-- Task instructions --
An exact transcription of all the data is required; the pictures are to be left out.

-- Data section --
┄┄┄┄┄┄

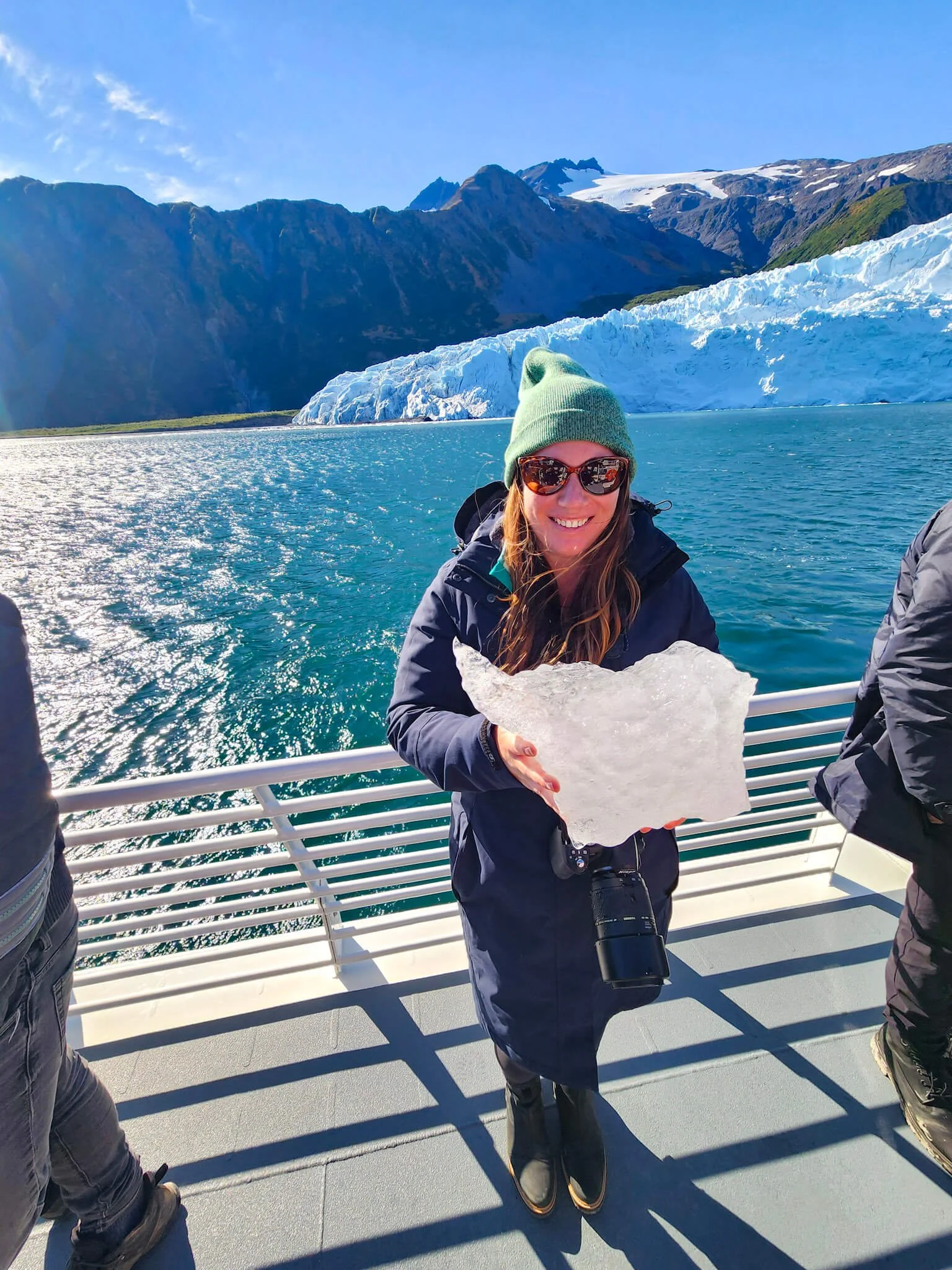 After you arrive at the tidewater glacier, a staff member will fish out a piece of the glacier from the bright blue waters below and let guests hold it and take pictures with it. Afterward, they’ll scoop up another small glacier fragment and crush it to add it to drinks served at the bar. Getting hands-on experience with a piece of one of the glaciers was one of the tour's highlights and a hit with everyone!
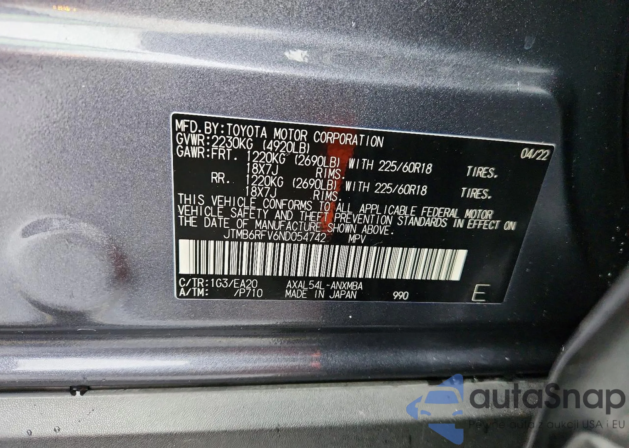 • VIN JTMB6RFV6ND054742
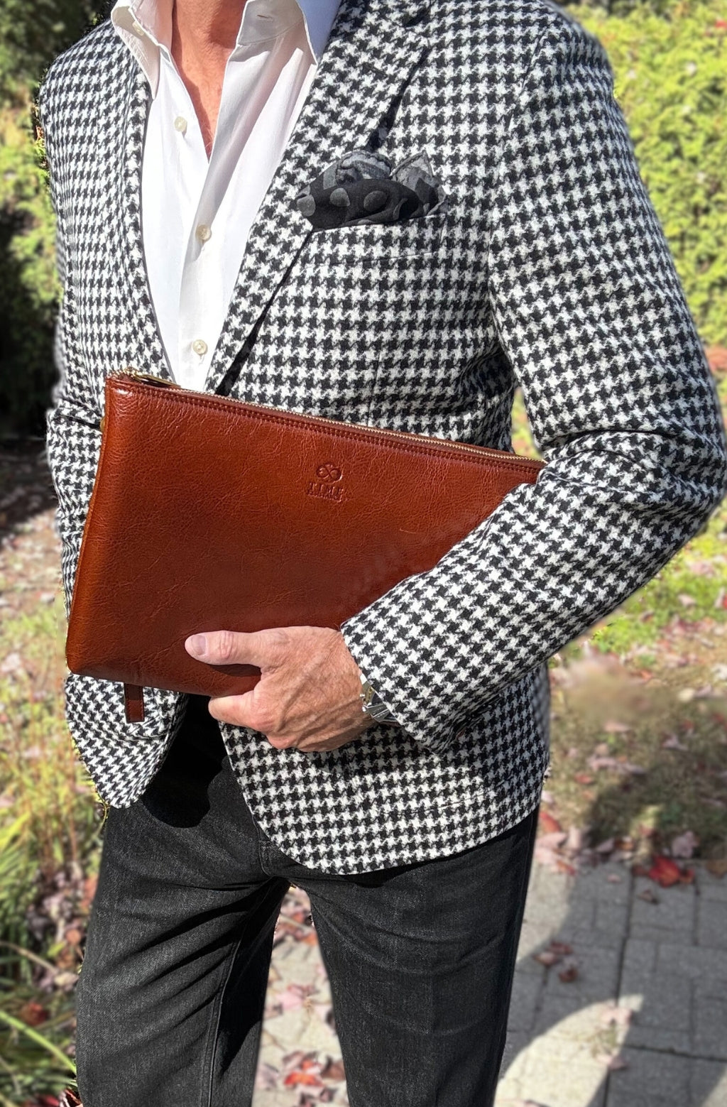 A manly Italian leather clutch purse. Minimalist design, perfect for those who like simplicity without renouncing elegance. It will accommodate all of your daily essentials including smartphone, small tablet, etc. and look all business with a touch of sartorial elegance.

┄┄┄┄┄┄

-- Problem solution --
 After you arrive at the tidewater glacier, a staff member will fish out a piece of the glacier from the bright blue waters below and let guests hold it and take pictures with it. Afterward, they’ll scoop up another small glacier fragment and crush it to add it to drinks served at the bar. Getting hands-on experience with a piece of one of the glaciers was one of the tour's highlights and a hit with everyone!
 • VIN JTMB6RFV6ND054742
 A manly Italian leather clutch purse. Minimalist design, perfect for those who like simplicity without renouncing elegance. It will accommodate all of your daily essentials including smartphone, small tablet, etc. and look all business with a touch of sartorial elegance.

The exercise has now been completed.